START Data records
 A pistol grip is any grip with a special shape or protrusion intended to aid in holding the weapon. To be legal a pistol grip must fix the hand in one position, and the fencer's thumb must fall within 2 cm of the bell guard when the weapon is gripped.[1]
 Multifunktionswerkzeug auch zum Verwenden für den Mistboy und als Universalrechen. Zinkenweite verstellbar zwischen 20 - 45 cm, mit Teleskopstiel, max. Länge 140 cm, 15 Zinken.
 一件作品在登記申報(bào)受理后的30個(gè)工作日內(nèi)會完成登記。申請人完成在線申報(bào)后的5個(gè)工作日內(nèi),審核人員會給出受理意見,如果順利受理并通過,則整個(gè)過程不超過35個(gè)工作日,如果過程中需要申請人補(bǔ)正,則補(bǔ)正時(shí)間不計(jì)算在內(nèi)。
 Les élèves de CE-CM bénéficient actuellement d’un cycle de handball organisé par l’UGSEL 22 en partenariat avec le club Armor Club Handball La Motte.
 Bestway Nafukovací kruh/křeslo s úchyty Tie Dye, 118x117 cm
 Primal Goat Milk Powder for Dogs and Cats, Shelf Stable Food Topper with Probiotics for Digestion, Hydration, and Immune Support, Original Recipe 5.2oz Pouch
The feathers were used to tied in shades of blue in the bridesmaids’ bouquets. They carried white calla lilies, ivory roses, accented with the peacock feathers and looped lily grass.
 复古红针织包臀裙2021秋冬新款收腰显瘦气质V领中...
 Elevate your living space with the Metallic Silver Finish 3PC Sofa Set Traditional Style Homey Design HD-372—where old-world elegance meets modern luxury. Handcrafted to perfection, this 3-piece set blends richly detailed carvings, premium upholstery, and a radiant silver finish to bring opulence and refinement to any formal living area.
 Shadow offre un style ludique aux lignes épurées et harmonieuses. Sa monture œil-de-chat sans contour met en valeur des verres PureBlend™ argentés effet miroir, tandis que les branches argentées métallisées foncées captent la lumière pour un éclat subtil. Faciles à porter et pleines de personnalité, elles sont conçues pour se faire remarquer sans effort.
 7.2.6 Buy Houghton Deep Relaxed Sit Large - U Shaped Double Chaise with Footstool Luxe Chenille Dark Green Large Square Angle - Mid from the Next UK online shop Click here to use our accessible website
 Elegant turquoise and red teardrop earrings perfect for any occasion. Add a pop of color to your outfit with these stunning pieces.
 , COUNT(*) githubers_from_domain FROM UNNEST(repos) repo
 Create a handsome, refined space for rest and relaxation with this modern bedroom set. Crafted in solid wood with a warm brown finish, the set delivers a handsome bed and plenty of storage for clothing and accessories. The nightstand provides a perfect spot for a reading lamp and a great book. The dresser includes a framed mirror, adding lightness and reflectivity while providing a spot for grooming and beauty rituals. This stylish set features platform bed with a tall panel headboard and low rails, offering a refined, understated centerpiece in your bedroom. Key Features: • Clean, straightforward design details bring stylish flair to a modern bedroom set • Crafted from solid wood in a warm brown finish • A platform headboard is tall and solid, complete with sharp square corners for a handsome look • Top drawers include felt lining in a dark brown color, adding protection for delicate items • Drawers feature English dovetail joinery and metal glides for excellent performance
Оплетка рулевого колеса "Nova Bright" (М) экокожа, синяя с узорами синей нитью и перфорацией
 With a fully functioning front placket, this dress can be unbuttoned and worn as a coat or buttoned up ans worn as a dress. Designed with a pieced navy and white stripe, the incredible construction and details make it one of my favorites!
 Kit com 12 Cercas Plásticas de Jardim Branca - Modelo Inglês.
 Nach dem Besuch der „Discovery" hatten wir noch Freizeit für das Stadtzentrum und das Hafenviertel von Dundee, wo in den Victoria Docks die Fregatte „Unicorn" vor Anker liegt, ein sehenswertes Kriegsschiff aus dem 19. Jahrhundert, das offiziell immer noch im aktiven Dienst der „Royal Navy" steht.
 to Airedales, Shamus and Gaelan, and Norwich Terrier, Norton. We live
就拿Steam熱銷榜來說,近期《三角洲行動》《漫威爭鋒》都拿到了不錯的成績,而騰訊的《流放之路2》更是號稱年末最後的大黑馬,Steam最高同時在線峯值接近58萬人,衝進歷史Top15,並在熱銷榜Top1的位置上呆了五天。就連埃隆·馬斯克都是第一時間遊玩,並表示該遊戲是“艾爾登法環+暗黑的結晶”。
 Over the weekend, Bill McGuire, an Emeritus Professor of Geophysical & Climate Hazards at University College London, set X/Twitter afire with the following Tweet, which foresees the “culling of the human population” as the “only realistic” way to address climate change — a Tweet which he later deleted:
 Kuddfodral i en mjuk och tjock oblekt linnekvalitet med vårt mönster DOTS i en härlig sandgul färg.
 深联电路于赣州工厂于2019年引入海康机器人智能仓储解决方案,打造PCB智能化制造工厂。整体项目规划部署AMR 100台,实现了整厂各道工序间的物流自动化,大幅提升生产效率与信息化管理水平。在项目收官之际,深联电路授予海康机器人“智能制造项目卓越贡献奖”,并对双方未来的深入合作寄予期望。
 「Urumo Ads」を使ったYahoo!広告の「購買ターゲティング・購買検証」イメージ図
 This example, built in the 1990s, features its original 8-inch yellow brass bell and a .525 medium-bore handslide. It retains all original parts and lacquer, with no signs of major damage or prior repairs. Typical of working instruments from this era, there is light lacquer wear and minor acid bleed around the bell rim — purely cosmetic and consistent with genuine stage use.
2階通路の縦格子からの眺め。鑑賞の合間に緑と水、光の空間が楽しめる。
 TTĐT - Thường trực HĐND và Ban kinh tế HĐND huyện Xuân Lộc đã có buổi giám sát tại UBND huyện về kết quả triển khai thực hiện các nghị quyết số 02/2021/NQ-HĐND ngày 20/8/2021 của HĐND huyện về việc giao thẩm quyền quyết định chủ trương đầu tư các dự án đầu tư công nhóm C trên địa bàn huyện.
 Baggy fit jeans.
END Data records
Exercise directions – Take the lines from the top of the data through the one that contains "Primal Goat Milk" and copy them exactly, leaving out every line after it.

Task response –
 A pistol grip is any grip with a special shape or protrusion intended to aid in holding the weapon. To be legal a pistol grip must fix the hand in one position, and the fencer's thumb must fall within 2 cm of the bell guard when the weapon is gripped.[1]
 Multifunktionswerkzeug auch zum Verwenden für den Mistboy und als Universalrechen. Zinkenweite verstellbar zwischen 20 - 45 cm, mit Teleskopstiel, max. Länge 140 cm, 15 Zinken.
 一件作品在登記申報(bào)受理后的30個(gè)工作日內(nèi)會完成登記。申請人完成在線申報(bào)后的5個(gè)工作日內(nèi),審核人員會給出受理意見,如果順利受理并通過,則整個(gè)過程不超過35個(gè)工作日,如果過程中需要申請人補(bǔ)正,則補(bǔ)正時(shí)間不計(jì)算在內(nèi)。
 Les élèves de CE-CM bénéficient actuellement d’un cycle de handball organisé par l’UGSEL 22 en partenariat avec le club Armor Club Handball La Motte.
 Bestway Nafukovací kruh/křeslo s úchyty Tie Dye, 118x117 cm
 Primal Goat Milk Powder for Dogs and Cats, Shelf Stable Food Topper with Probiotics for Digestion, Hydration, and Immune Support, Original Recipe 5.2oz Pouch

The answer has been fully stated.